ROBERTSON COLUMN: Georgia needs more clean energy to stimulate the economy
By Randy Robertson
Represents district 29 in Georgia Senate
Clean energy has become an economic boom for Georgia. We are growing in solar installations, solar jobs, and access to clean, cost-efficient energy. This clean energy expansion has a variety of benefits — from making our state’s economy stronger and providing more jobs to creating a more sustainable place for future generations. Solar energy and the growth of electric vehicles add an incredible benefit to Georgia’s economy and improve our quality of life.
Over the course of my three legislative sessions, I have supported policies that help our state grow and become a better place. That is why I have co-sponsored Senate Bill 299 which includes amendments to the 2015 Solar Free-Market Act and the Cogeneration Act of 2001. SB 299 also includes more opportunities for churches and nonprofits to do community solar programs when rooftop solar is otherwise not an option.
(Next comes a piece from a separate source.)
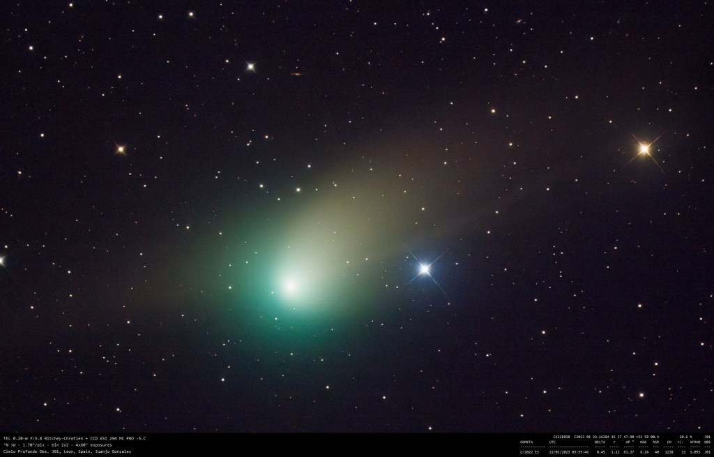 Cometa C/2022 E3 22 enero 2023 • Juanjo Gonzalez Comparte esto: Comparte en Facebook (Se abre en una ventana nueva) Facebook Compartir en X (Se abre en una ventana nueva) X Me gusta Cargando... Relacionado

Georgia is in excellent shape to proceed with more solar and electric battery production to stimulate our economy, improve our air quality, and provide clean, cost-efficient energy. As Georgia Department of Economic Development Commissioner Pat Wilson recently pointed out in the Atlanta Business Chronicle, we are Top Ten in solar production and also led the country in increased solar jobs in 2019. COVID-19 set the industry back as installations and public interaction decreased, but we are well-positioned to have clean energy be a major factor in our economic recovery.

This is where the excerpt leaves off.